==== DATA SECTION

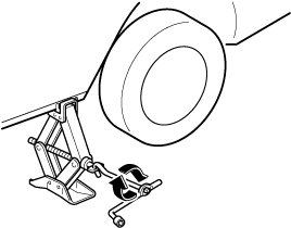 Tourner la manivelle du cric dans le sens des aiguilles d'une montre pour soulever le véhicule juste assez pour que la roue de secours puisse être installée. Avant de retirer les écrous de roue s'assurer que le véhicule est bien stable et ne risque pas de glisser ou de se déplacer.
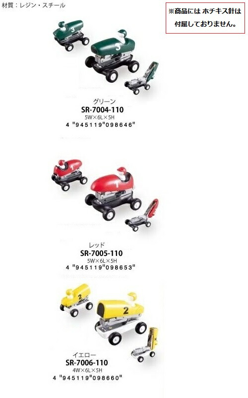 ホチキス トイ・カー ステープラー(グリーン、レッド、イエロー)【正規メーカー品】
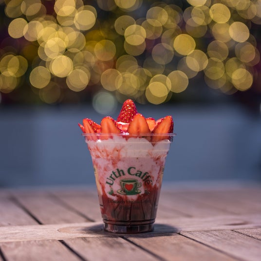 ¥900(税込)/ 3F Urth Caffeほこたイチゴをのせたストロベリーシェイクほこたイチゴをふんだんにのせたデザートドリンク。

========

- _REQUIRED ACTION_
Return all the data above as written, leaving out only the pictures.

- _RESPONSE BOX_
 Tourner la manivelle du cric dans le sens des aiguilles d'une montre pour soulever le véhicule juste assez pour que la roue de secours puisse être installée. Avant de retirer les écrous de roue s'assurer que le véhicule est bien stable et ne risque pas de glisser ou de se déplacer.
 ホチキス トイ・カー ステープラー(グリーン、レッド、イエロー)【正規メーカー品】
 ¥900(税込)/ 3F Urth Caffeほこたイチゴをのせたストロベリーシェイクほこたイチゴをふんだんにのせたデザートドリンク。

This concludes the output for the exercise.